Source records:
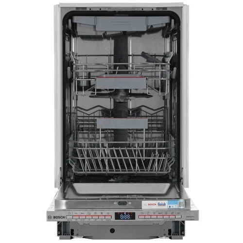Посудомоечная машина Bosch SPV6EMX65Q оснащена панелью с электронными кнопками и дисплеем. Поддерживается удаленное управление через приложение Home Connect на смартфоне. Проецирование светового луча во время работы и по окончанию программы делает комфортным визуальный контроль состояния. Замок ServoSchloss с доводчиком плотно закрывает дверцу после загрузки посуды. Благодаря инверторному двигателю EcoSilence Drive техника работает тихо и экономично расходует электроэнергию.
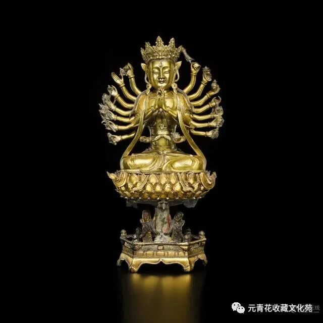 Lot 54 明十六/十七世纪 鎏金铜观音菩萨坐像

==

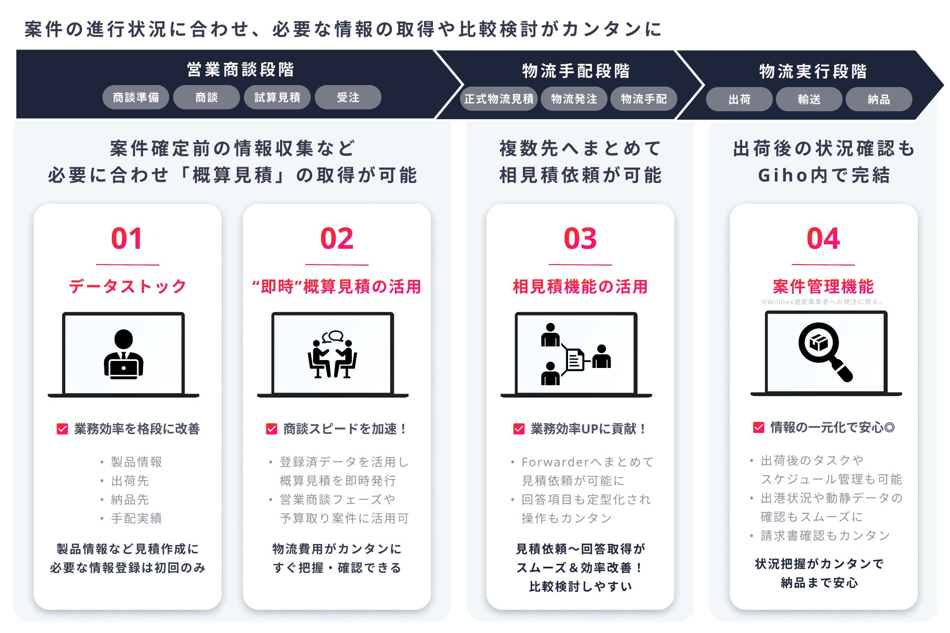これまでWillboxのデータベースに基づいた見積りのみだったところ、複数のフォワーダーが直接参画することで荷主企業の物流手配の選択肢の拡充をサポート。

What is expected: Using the data above, transcribe exactly the lines between those containing "Посудомоечная машина Bosch" and "Lot 54 明十六/十七世纪 鎏金铜观音菩萨坐像", inclusive, and leave every picture behind.

Exercise result:
Посудомоечная машина Bosch SPV6EMX65Q оснащена панелью с электронными кнопками и дисплеем. Поддерживается удаленное управление через приложение Home Connect на смартфоне. Проецирование светового луча во время работы и по окончанию программы делает комфортным визуальный контроль состояния. Замок ServoSchloss с доводчиком плотно закрывает дверцу после загрузки посуды. Благодаря инверторному двигателю EcoSilence Drive техника работает тихо и экономично расходует электроэнергию.
 Lot 54 明十六/十七世纪 鎏金铜观音菩萨坐像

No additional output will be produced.